Какие обидные слова! Сколько в них легкомыслия, сколько ненависти. Генри замер возле одного из кувшинов, стоя к Джулии спиной. В зеркале она увидела, как он заглядывает в кувшин.
– Но ведь он тратил свои деньги, не так ли? – спросила она. – Он многое сделал для нас всех. Во всяком случае, он так считал.
Генри резко обернулся:
– Что ты хочешь этим сказать?
– Что ты сам не очень-то хорошо распорядился своими деньгами.
– Я делал все, что было в моих силах. И вообще, кто ты такая, чтобы осуждать меня? – спросил Генри.
Внезапно на его лицо упал яркий солнечный луч, и Джулия испугалась: таким злобным оно было.
– А что ты скажешь об акционерах «Судоходной компании Стратфорда»? Для них ты тоже делал все, что было в твоих силах? Или и это не моего ума дело?
– Полегче, девочка моя, – сказал Генри, направляясь к ней. Высокомерно взглянув на мумию, словно она была полноправным участником разговора, он развернулся и, прищурившись, посмотрел на Джулию. – Теперь у тебя нет никого, кроме меня и моего отца.
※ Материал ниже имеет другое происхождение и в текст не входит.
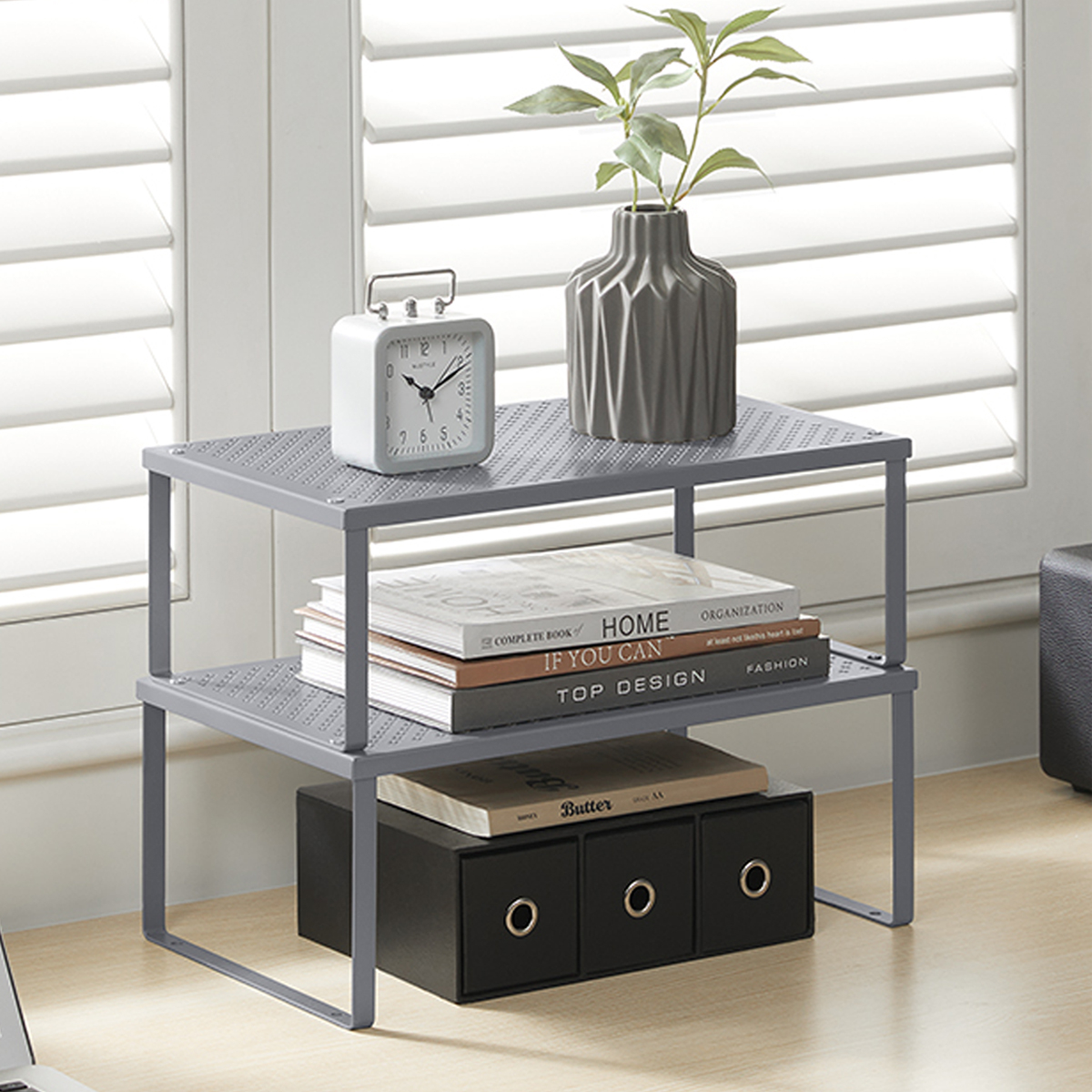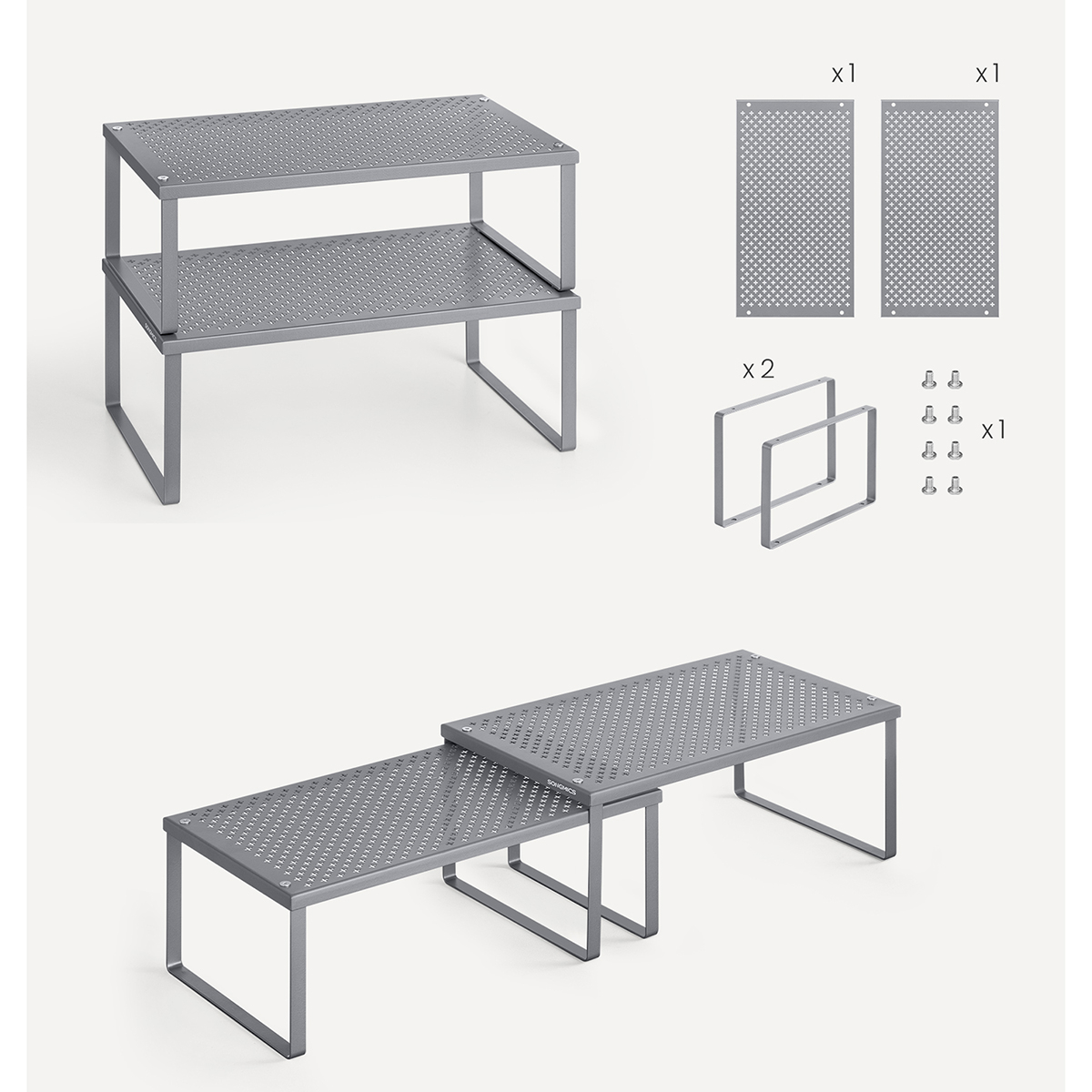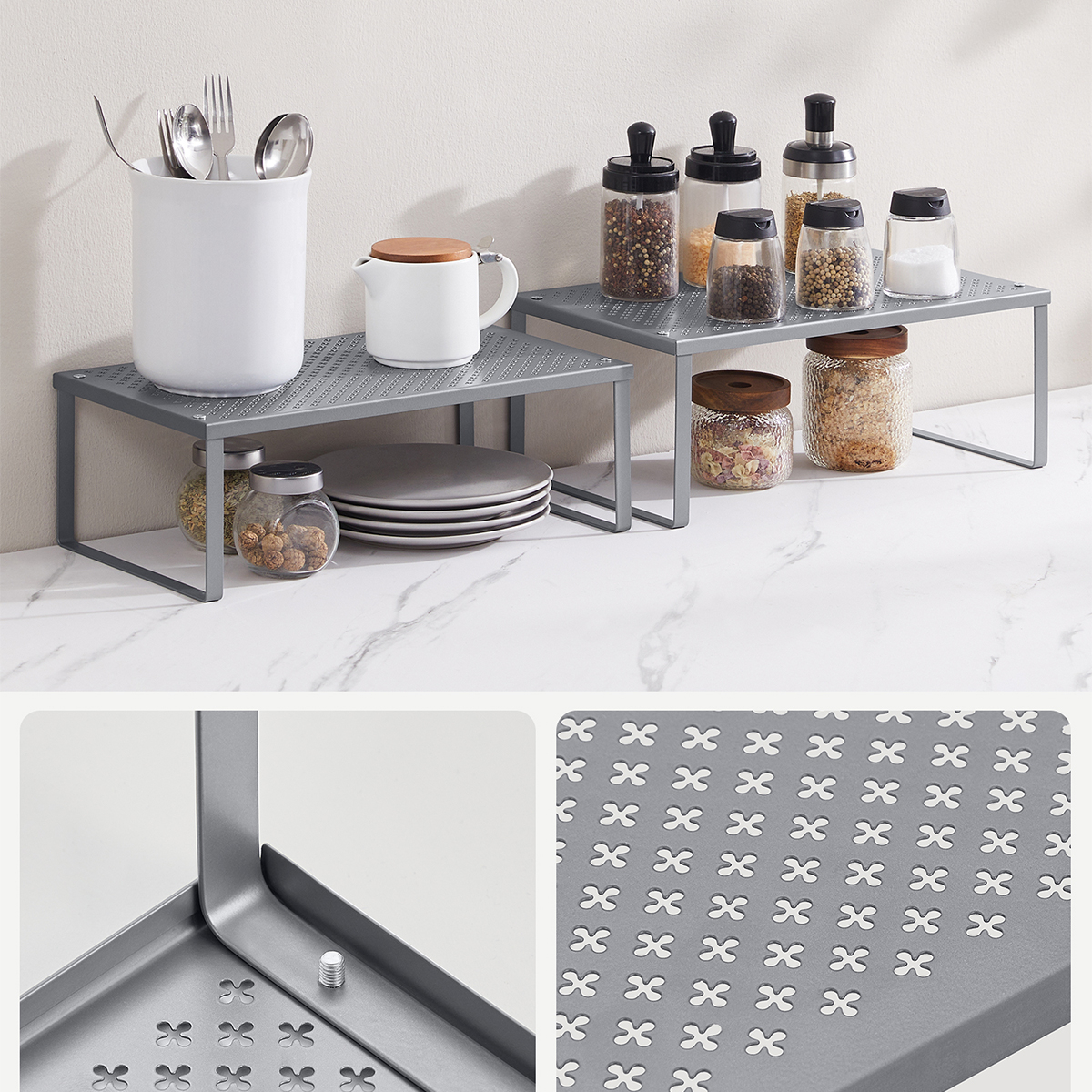 Ράφια οργάνωσης διαφορετικών μεγεθών σε σετ 2 τεμαχίων από την εταιρεία Songmics. Είναι κατασκευασμένα από ατσάλι σε γκρι χρώμα με διάτρητη επιφάνεια. Είναι στοιβαζόμενα και μπορούν να τοποθετηθούν, το ένα πάνω στο άλλο, στον πάγκο της κουζίνας για να αξιοποιήσετε τον αχρησιμοποίητο χώρο προσφέροντας οργάνωση. Χρησιμεύουν και ως βάση οθόνης, αλλά και για την οργάνωση γραφείου. Μέγιστο βάρος αντοχής ανά ράφι 16kg.

И ты нуждаешься в нас больше, чем тебе сейчас кажется. И вообще, что ты смыслишь в торговле и судостроении?
Забавно, он делает верный ход и тут же все портит. Конечно, оба они нужны ей, но это не имеет никакого отношения к торговле и судостроению. Они нужны ей, потому что они ее плоть и кровь, – какие, к черту, торговля и судостроение!
Джулии не хотелось, чтобы он заметил ее обиду. Она отвернулась к анфиладе гостиных и посмотрела в тусклые окна северной части дома. Там утро только начиналось.
– Я знаю, сколько будет дважды два, дорогой братец, – сказала она. – И это ставит меня в несколько неудобное положение.
Джулия с облегчением увидела, как в зал входит Рита, согнувшаяся под тяжестью подноса с серебряным кофейным сервизом. Она поставила поднос на стол в центре задней гостиной, в двух футах от Джулии.
– Спасибо, дорогая. Пока все.
Боязливо взглянув в сторону саркофага с мумией, Рита удалилась. И снова Джулия осталась наедине с братом. Неужели придется продолжить неприятный разговор? Она медленно повернулась и увидела, что Генри стоит напротив Рамзеса.